Where do we get bad ICCs? (<.01 – should we consider a higher threshold? e.g. median IIC)
#require(GGally)
mout_neg <- mout %>% filter(mean < 0.01)
#ggpairs(mout_neg, columns=2:5, aes(color=age_binned), alpha=.3)
summary(mout_neg)
## age_binned mean startTime endTime
## Length:5345 Min. :-0.1468689 Min. :-300.0 Min. : 0.0
## Class :character 1st Qu.:-0.0189314 1st Qu.:-150.0 1st Qu.: 500.0
## Mode :character Median :-0.0095453 Median : 50.0 Median : 800.0
## Mean :-0.0111150 Mean : 106.3 Mean : 794.1
## 3rd Qu.: 0.0005957 3rd Qu.: 275.0 3rd Qu.:1025.0
## Max. : 0.0099724 Max. :1500.0 Max. :2125.0
## windowLength
## Min. : 50.0
## 1st Qu.: 350.0
## Median : 650.0
## Mean : 687.8
## 3rd Qu.:1000.0
## Max. :1900.0
start_lt300 = length(which(mout_neg$startTime < 300)) / nrow(mout_neg)
start_lt500 = length(which(mout_neg$startTime < 500)) / nrow(mout_neg)
# condition on start time at least 300ms like reasonable researchers?

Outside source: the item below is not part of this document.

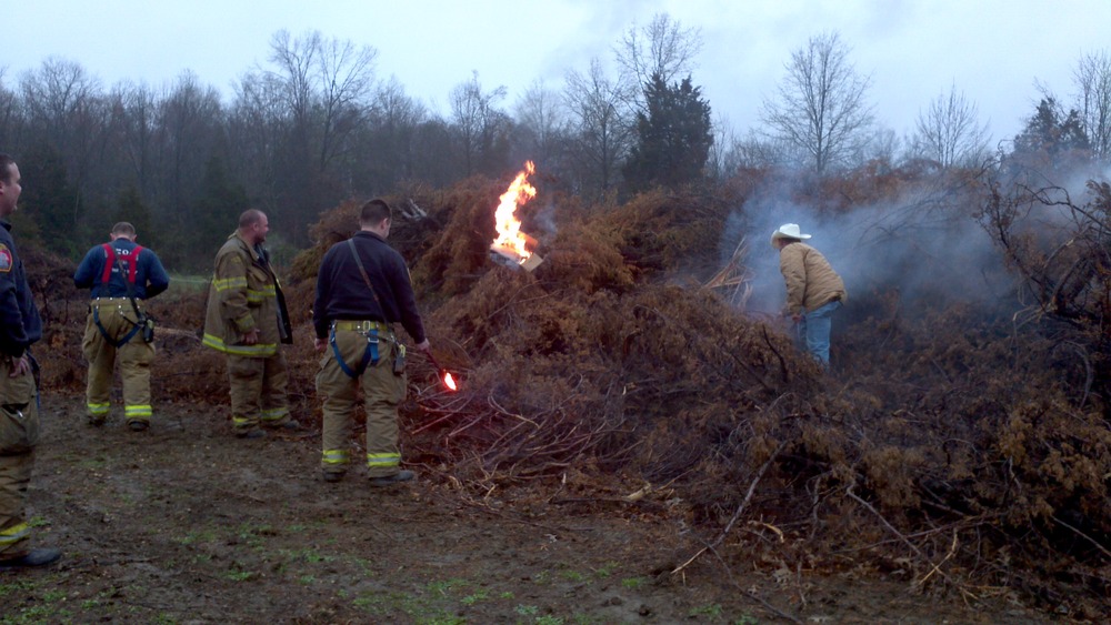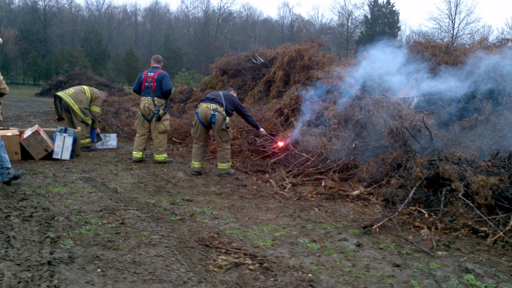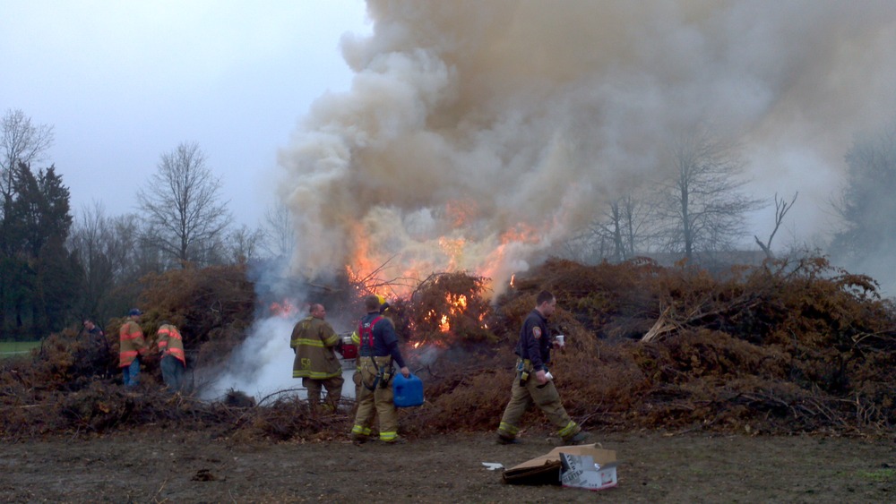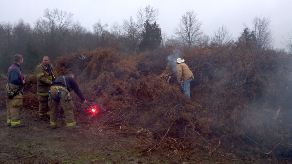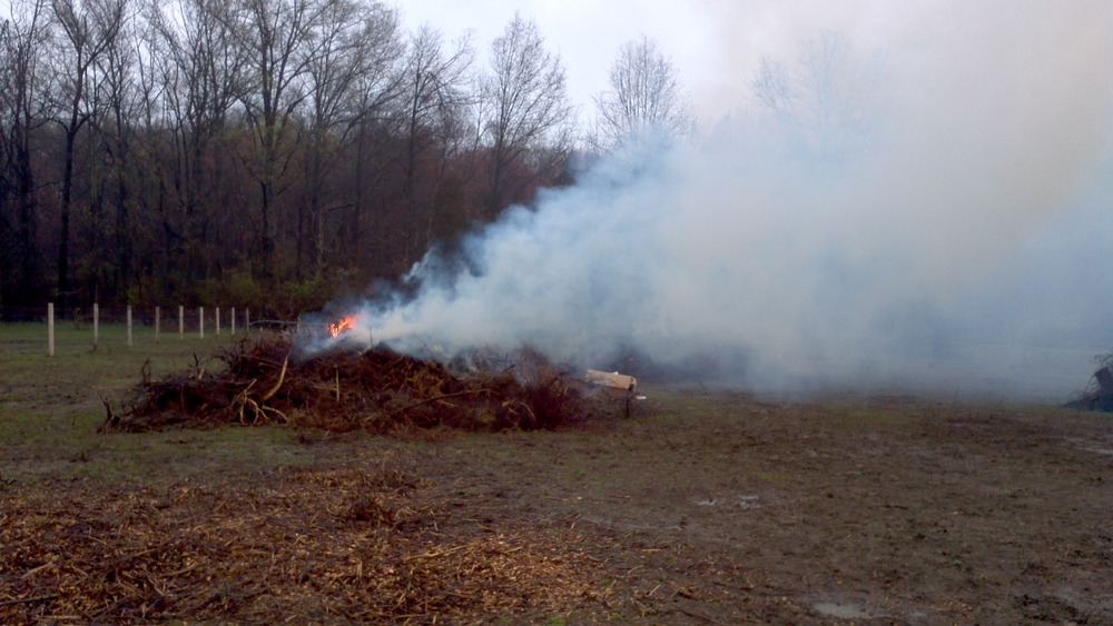 So after months of staring at a pile of trees, I decided to burn them with the help of the local volunteer fire department. Of course the night before it rained and drizzled all day. So needless to say not much burned. On to plan ‘C’ friends with chainsaws and rent a chipper.

# which(mout_neg$startTime >= 300 &
winLength_lt1500 = length(which(mout_neg$windowLength < 1500)) / nrow(mout_neg) # .94
win1500_start300 = length(which(mout_neg$startTime >= 300 & mout_neg$windowLength >= 1500)) / nrow(mout_neg)
rec_settings_iic_avg = mean(subset(mout, startTime>=500 & windowLength>=1500)$mean)

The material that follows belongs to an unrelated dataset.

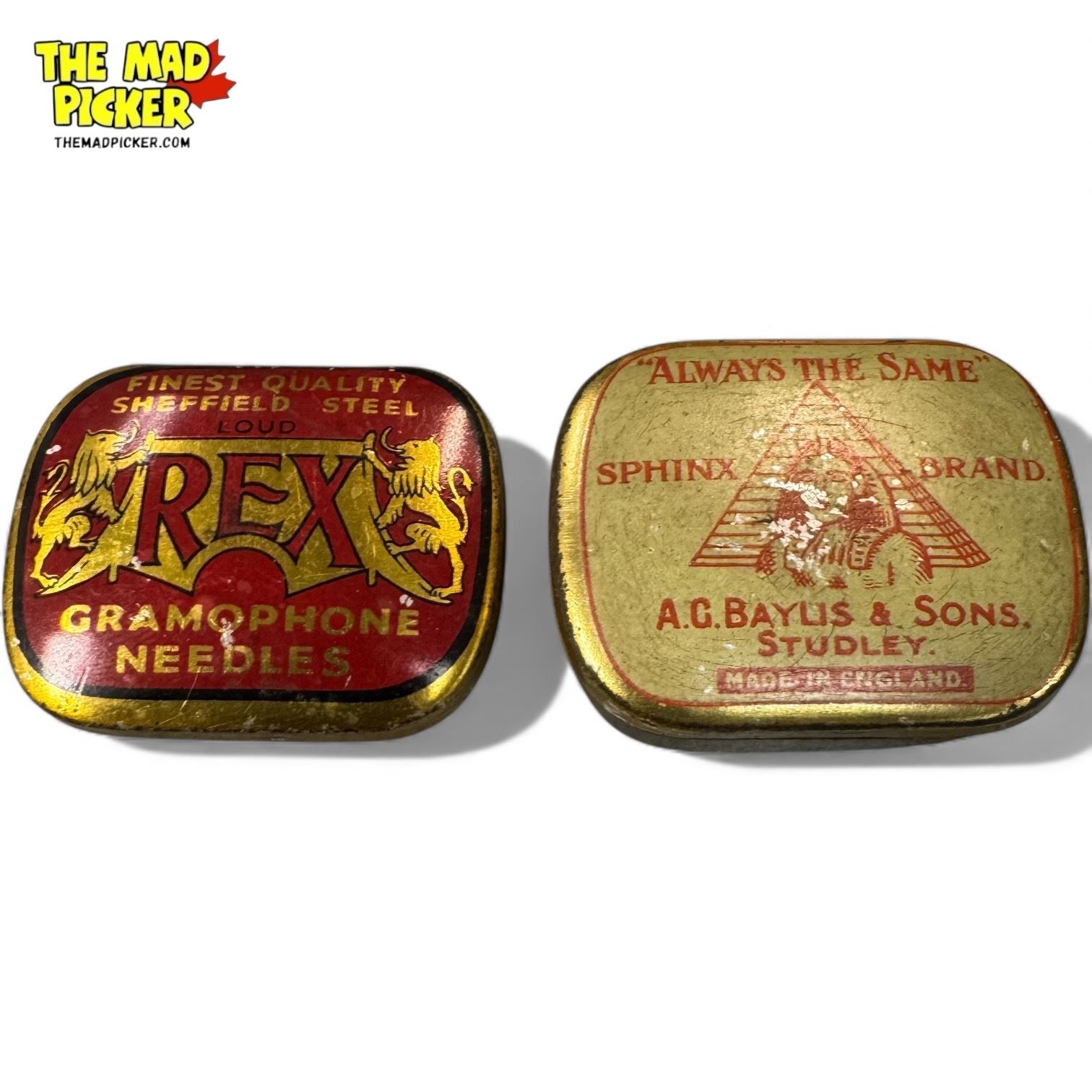 2 Vintage Gramophone Needle Tins, Sphinx Brand & Rex

75% of low IICs (<.01) had start times <300ms, but pushing the start time out to at least 500 ms eliminated 87% of the low IICs. A window length of at least 1500 ms eliminated 97% of low ICCs, and this threshold combined with a start time of at least 300 ms eliminated all but 0% of low ICCs. A start time of 500 ms and a window of at least 1500 ms resulted in no IICs < .01, and an average IIC of 0.08.